#### Records for the exercise
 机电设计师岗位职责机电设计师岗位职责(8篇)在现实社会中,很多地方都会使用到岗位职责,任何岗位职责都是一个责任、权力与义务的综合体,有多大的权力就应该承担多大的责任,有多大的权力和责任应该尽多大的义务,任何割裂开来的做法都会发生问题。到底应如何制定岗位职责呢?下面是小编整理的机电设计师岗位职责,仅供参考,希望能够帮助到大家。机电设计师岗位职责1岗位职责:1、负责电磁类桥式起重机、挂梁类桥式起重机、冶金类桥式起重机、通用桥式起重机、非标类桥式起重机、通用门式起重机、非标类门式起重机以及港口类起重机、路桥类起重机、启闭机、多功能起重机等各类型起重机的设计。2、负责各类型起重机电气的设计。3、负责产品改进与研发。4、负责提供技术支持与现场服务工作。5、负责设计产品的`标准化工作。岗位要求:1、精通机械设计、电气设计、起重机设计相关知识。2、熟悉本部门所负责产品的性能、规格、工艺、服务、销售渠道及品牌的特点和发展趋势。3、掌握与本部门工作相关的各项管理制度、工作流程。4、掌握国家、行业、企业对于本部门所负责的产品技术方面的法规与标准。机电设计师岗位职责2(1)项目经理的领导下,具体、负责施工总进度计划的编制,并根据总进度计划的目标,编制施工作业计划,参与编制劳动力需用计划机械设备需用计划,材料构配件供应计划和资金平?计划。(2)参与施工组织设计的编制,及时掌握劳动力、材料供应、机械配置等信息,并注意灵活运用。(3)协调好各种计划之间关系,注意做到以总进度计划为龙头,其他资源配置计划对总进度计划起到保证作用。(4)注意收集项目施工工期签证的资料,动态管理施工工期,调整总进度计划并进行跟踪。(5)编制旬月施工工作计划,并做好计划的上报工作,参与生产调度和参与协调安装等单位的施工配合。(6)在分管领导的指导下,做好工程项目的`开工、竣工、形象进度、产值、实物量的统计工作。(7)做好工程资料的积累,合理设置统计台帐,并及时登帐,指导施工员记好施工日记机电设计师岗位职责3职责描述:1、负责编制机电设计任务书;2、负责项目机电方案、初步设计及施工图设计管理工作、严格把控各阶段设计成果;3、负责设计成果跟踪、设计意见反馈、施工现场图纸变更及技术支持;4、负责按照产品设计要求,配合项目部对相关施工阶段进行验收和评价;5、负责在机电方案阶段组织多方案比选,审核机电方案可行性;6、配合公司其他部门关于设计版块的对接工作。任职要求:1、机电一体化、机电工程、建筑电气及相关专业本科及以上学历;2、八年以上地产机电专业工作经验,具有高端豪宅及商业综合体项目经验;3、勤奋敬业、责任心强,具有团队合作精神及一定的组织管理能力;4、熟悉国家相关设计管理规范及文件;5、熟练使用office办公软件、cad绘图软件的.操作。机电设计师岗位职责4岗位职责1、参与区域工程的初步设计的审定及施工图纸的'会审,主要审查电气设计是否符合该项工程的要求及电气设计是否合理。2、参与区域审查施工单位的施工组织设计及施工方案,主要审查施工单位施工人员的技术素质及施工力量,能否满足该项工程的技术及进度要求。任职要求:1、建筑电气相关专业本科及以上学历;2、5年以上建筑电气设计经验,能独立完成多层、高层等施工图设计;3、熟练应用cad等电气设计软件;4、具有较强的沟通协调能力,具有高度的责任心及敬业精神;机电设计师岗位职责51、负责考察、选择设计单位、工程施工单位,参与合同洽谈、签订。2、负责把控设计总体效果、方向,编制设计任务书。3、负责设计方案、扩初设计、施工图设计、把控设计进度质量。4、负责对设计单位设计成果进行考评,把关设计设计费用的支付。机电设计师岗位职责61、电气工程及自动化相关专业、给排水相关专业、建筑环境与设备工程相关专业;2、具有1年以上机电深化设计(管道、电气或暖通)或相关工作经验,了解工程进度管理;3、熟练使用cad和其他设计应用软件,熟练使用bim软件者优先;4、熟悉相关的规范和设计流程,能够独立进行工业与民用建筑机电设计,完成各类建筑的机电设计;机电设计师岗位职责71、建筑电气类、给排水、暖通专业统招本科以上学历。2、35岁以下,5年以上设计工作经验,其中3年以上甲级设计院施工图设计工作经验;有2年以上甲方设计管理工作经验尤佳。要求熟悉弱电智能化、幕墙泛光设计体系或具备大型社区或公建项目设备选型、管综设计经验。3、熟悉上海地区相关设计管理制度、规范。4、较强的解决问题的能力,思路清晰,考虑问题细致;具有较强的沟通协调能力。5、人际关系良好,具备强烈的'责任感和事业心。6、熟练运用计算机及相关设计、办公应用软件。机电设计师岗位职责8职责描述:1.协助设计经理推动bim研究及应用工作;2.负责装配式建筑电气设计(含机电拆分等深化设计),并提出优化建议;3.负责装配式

--

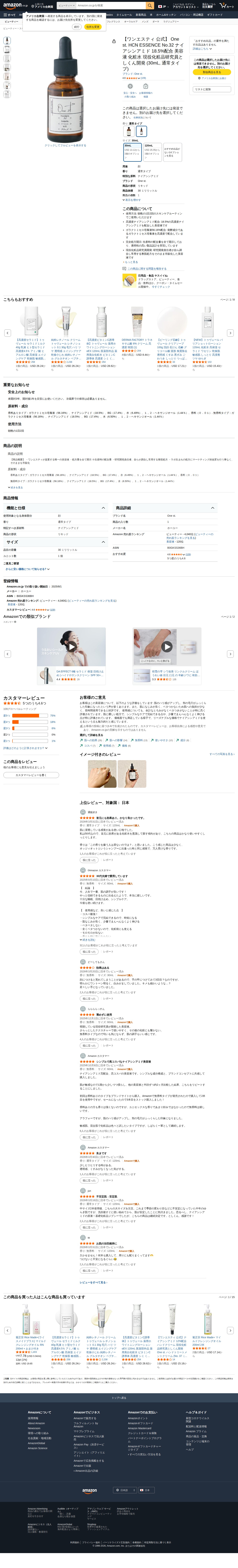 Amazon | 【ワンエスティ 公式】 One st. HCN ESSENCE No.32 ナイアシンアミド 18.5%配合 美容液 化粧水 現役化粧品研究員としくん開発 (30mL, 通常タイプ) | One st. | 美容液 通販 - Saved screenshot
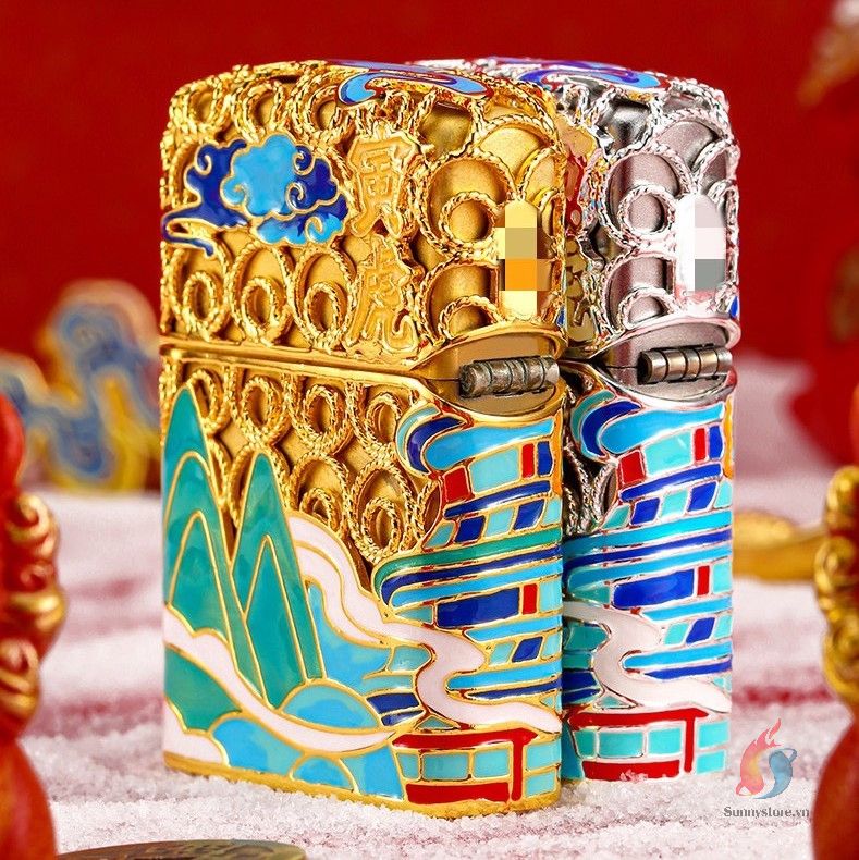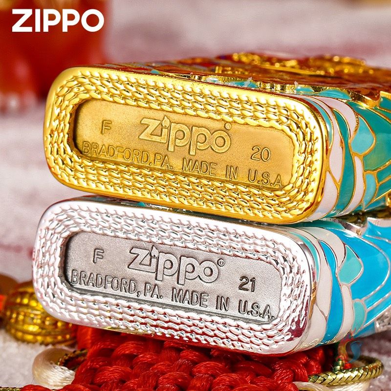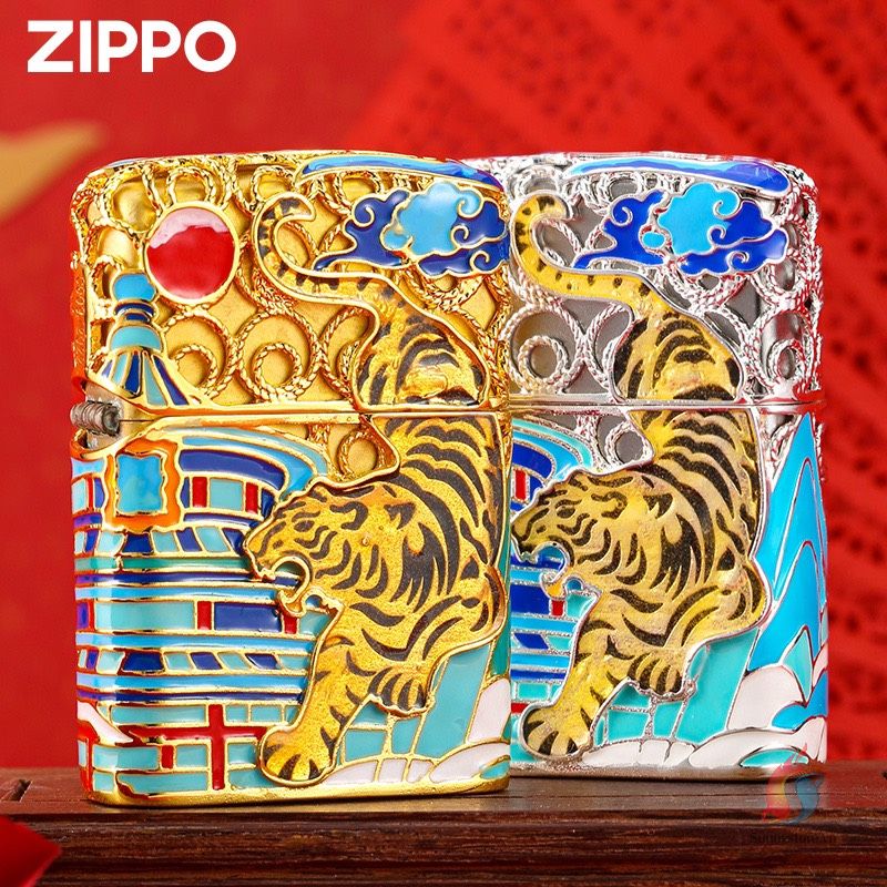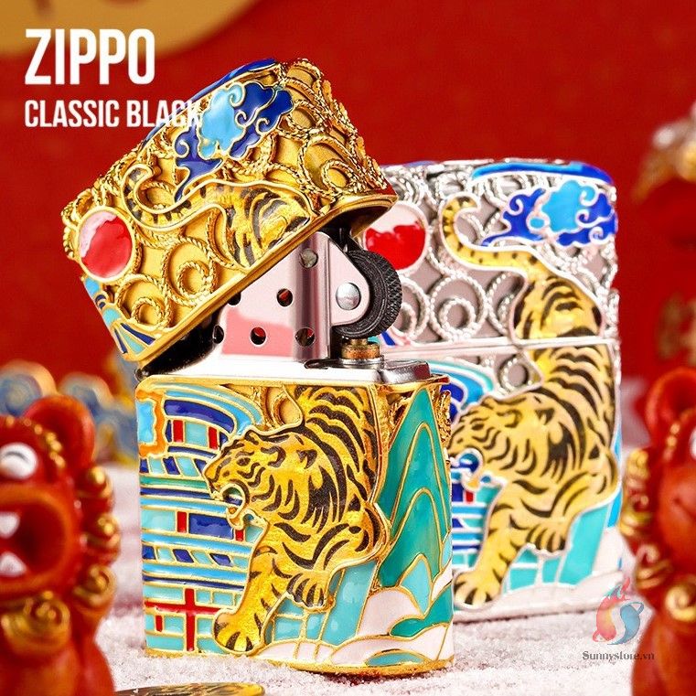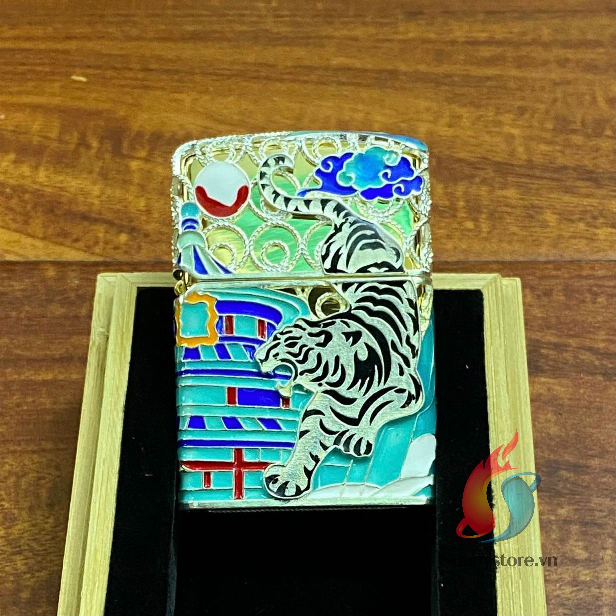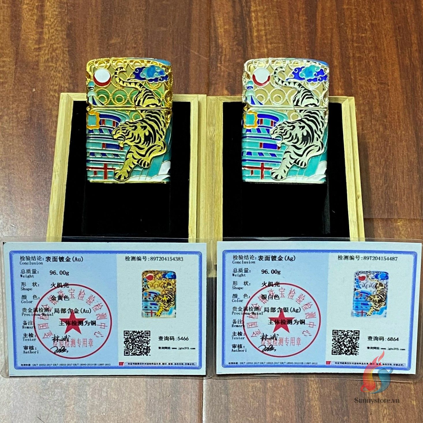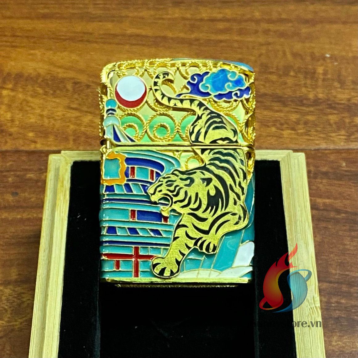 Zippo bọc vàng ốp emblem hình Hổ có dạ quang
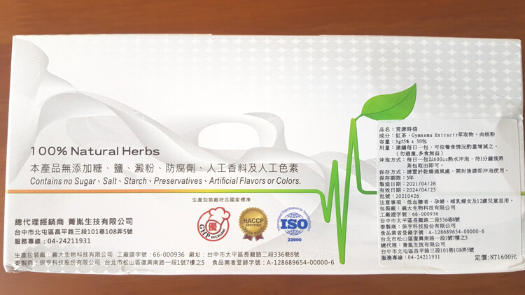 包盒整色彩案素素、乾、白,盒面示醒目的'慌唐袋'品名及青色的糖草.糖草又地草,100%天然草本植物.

--

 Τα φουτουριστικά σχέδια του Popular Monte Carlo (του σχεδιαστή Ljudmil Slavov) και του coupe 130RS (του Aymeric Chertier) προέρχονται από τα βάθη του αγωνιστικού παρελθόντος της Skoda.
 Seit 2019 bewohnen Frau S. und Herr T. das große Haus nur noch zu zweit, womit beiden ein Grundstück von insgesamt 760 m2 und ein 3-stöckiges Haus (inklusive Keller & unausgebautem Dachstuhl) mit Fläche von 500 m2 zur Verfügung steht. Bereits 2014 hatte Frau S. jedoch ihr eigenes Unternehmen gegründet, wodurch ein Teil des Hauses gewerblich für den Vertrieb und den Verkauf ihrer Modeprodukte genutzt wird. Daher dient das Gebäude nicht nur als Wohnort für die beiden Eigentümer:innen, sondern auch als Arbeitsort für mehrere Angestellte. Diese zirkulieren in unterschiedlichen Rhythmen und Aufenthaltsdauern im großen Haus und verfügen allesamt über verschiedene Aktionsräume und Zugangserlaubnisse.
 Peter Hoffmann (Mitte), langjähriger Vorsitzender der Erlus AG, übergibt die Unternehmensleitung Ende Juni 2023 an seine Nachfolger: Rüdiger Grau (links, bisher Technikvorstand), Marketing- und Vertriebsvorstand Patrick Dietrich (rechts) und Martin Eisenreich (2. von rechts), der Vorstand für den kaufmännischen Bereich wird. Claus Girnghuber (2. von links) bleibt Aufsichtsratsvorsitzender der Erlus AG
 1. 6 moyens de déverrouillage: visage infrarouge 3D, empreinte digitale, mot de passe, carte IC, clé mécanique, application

#### Exercise aim
Everything above from the line containing "Peter Hoffmann (Mitte), langjähriger" through the line containing "1. 6 moyens" must be copied exactly. Nothing outside that range belongs in the answer.

#### Task response
 Peter Hoffmann (Mitte), langjähriger Vorsitzender der Erlus AG, übergibt die Unternehmensleitung Ende Juni 2023 an seine Nachfolger: Rüdiger Grau (links, bisher Technikvorstand), Marketing- und Vertriebsvorstand Patrick Dietrich (rechts) und Martin Eisenreich (2. von rechts), der Vorstand für den kaufmännischen Bereich wird. Claus Girnghuber (2. von links) bleibt Aufsichtsratsvorsitzender der Erlus AG
 1. 6 moyens de déverrouillage: visage infrarouge 3D, empreinte digitale, mot de passe, carte IC, clé mécanique, application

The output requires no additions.